▶ _Stored dataset items_:

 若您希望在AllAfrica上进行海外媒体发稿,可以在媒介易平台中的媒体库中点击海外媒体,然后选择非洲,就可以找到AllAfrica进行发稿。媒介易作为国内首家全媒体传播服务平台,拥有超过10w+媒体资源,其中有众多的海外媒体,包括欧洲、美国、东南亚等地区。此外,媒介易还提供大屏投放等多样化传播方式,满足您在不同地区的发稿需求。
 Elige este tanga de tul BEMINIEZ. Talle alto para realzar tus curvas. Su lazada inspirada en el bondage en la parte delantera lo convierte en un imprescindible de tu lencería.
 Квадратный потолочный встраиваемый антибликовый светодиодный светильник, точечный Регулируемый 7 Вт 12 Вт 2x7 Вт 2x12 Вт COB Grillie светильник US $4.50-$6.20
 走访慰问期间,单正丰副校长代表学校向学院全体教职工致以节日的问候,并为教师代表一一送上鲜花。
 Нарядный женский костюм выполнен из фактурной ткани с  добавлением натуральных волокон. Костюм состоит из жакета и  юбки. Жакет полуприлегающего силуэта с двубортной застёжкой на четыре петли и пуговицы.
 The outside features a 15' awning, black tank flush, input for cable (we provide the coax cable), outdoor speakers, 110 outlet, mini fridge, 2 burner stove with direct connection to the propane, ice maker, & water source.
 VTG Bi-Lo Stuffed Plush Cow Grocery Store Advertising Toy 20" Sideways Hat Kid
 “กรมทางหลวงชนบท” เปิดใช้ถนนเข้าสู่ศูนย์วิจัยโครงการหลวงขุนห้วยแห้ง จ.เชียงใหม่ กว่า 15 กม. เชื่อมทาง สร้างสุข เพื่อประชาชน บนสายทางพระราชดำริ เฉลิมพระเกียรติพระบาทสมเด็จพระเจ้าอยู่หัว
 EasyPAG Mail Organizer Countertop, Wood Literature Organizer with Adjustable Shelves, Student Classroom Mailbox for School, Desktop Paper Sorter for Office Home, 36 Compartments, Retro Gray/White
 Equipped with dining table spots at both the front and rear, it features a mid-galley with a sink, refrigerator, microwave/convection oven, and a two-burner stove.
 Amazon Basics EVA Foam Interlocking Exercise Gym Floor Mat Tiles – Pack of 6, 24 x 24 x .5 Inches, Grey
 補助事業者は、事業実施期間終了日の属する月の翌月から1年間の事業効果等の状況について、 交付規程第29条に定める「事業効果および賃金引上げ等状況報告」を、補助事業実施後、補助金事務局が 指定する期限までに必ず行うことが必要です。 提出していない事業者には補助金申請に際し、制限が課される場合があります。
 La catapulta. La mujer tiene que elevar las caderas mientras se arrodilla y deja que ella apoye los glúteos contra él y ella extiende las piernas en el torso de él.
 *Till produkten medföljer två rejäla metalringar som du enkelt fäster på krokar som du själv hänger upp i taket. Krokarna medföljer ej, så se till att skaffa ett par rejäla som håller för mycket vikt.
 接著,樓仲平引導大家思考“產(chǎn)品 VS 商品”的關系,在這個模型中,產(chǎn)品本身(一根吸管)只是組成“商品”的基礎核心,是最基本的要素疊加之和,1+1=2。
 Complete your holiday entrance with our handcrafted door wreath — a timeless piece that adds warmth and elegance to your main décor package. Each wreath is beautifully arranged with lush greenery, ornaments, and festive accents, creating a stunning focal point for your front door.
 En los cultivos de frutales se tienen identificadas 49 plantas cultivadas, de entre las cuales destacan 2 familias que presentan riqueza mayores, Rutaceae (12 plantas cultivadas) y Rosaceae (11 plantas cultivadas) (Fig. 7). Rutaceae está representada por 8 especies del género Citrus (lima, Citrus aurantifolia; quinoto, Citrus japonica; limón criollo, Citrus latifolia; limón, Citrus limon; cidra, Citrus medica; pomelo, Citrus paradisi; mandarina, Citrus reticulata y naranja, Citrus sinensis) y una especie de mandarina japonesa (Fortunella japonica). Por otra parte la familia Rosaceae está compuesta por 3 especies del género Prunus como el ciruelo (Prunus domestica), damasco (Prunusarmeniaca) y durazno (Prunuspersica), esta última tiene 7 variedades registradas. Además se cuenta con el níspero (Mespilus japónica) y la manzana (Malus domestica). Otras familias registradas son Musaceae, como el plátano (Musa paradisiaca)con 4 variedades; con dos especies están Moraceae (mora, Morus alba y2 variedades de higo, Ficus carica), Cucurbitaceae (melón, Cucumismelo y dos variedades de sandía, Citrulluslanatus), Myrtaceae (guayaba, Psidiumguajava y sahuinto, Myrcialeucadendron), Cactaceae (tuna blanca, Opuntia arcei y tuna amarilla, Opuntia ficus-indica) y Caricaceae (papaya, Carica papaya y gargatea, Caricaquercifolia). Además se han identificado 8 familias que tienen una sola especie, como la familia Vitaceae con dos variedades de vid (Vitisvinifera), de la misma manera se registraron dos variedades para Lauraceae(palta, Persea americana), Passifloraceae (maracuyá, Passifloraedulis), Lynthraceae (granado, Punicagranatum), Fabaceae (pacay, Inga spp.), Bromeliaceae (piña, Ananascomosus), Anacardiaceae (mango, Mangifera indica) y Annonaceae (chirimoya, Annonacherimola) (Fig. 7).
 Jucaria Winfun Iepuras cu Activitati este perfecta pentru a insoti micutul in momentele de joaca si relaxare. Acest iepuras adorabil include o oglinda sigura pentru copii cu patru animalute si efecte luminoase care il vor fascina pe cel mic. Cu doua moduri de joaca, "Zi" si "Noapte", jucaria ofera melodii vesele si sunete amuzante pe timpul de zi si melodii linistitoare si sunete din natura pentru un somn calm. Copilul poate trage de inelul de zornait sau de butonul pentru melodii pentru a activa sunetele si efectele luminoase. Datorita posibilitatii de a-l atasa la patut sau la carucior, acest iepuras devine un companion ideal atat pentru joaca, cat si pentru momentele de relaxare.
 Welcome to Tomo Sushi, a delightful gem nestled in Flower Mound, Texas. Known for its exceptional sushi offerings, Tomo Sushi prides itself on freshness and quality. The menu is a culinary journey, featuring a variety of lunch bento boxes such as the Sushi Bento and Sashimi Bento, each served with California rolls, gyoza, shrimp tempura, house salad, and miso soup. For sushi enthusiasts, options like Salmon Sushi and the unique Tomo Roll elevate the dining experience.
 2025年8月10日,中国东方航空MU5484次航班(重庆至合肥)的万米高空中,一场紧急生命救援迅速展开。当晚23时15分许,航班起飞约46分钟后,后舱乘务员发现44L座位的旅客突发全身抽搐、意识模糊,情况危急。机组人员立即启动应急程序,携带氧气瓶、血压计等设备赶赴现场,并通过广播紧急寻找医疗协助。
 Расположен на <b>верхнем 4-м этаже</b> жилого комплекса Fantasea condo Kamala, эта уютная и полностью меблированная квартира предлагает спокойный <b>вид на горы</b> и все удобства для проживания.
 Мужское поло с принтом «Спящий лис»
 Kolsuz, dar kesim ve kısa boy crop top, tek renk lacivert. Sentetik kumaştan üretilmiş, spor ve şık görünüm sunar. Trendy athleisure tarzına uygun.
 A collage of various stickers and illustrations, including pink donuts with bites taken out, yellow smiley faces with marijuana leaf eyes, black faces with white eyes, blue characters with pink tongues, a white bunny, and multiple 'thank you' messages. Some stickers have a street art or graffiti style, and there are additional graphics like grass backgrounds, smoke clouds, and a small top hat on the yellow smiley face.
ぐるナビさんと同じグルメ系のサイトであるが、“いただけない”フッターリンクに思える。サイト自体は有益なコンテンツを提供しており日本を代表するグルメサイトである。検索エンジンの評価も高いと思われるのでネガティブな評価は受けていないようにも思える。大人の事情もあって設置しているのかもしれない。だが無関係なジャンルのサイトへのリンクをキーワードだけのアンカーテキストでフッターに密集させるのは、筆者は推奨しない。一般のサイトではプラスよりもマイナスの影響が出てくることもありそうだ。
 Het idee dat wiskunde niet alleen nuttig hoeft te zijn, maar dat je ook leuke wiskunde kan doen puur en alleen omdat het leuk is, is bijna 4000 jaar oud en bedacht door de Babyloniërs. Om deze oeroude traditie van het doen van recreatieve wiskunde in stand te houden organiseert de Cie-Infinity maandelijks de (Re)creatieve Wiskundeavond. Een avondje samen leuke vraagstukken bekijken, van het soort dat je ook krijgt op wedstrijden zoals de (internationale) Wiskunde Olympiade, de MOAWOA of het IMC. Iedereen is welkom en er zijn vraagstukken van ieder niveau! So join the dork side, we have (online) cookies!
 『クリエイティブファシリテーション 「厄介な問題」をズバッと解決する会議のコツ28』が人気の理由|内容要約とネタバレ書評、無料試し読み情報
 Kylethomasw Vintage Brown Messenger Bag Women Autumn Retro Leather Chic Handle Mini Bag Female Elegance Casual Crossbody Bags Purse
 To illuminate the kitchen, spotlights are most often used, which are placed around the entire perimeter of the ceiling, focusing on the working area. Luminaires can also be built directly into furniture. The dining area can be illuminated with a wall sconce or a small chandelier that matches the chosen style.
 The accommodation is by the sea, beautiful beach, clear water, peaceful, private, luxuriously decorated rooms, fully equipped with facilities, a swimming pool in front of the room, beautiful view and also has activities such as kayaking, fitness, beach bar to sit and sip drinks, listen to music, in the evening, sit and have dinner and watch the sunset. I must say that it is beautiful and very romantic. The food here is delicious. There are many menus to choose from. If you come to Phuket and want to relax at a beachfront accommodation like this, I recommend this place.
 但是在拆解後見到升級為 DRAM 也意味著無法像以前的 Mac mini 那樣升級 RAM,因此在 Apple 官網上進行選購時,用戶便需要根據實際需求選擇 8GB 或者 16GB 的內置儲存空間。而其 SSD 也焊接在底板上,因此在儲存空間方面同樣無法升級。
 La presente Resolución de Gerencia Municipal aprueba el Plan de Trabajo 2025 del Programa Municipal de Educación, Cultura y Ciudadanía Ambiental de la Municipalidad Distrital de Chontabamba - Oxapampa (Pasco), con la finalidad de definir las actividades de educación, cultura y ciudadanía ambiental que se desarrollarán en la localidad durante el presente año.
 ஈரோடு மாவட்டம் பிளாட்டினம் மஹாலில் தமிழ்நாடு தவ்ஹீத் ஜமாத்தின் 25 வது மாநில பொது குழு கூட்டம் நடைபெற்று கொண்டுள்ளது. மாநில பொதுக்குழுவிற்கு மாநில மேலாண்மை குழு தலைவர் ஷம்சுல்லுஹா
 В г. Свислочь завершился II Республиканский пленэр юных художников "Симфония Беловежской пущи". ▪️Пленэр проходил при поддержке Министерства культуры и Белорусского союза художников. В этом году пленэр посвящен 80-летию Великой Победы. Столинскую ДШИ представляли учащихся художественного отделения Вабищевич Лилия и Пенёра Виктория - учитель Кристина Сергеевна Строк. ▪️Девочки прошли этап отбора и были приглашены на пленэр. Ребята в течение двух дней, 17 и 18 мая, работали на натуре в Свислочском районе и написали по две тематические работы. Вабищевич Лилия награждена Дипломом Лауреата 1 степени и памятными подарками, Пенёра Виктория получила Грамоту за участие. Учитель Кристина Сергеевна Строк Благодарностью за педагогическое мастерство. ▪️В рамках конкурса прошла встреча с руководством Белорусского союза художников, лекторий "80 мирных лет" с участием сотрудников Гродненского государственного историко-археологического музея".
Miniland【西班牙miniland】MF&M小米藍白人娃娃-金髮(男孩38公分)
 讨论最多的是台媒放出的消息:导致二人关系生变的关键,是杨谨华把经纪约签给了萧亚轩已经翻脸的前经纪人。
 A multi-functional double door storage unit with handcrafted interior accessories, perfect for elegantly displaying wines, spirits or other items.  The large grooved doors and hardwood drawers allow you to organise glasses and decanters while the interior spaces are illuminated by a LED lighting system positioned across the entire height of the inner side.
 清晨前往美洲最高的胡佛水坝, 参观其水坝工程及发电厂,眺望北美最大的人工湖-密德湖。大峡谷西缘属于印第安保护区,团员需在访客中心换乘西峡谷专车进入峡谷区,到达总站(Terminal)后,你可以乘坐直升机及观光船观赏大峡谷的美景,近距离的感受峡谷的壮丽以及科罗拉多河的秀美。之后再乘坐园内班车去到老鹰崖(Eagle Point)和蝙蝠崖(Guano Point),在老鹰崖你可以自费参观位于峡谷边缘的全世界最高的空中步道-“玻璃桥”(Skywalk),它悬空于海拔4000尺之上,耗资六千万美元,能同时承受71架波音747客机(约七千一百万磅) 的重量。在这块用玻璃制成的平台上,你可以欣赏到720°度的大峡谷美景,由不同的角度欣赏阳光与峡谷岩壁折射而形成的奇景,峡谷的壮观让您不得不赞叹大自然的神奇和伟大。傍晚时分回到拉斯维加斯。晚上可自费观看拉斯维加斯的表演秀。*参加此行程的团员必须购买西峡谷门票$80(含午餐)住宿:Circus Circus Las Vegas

▶ _Problem description_:
Could you repeat exactly the lines above from the line with "但是在拆解後見到升級為 DRAM 也意味著無法像以前的" up to and including the line with "ஈரோடு மாவட்டம் பிளாட்டினம்", and only those?

▶ _Solution below_:
 但是在拆解後見到升級為 DRAM 也意味著無法像以前的 Mac mini 那樣升級 RAM,因此在 Apple 官網上進行選購時,用戶便需要根據實際需求選擇 8GB 或者 16GB 的內置儲存空間。而其 SSD 也焊接在底板上,因此在儲存空間方面同樣無法升級。
 La presente Resolución de Gerencia Municipal aprueba el Plan de Trabajo 2025 del Programa Municipal de Educación, Cultura y Ciudadanía Ambiental de la Municipalidad Distrital de Chontabamba - Oxapampa (Pasco), con la finalidad de definir las actividades de educación, cultura y ciudadanía ambiental que se desarrollarán en la localidad durante el presente año.
 ஈரோடு மாவட்டம் பிளாட்டினம் மஹாலில் தமிழ்நாடு தவ்ஹீத் ஜமாத்தின் 25 வது மாநில பொது குழு கூட்டம் நடைபெற்று கொண்டுள்ளது. மாநில பொதுக்குழுவிற்கு மாநில மேலாண்மை குழு தலைவர் ஷம்சுல்லுஹா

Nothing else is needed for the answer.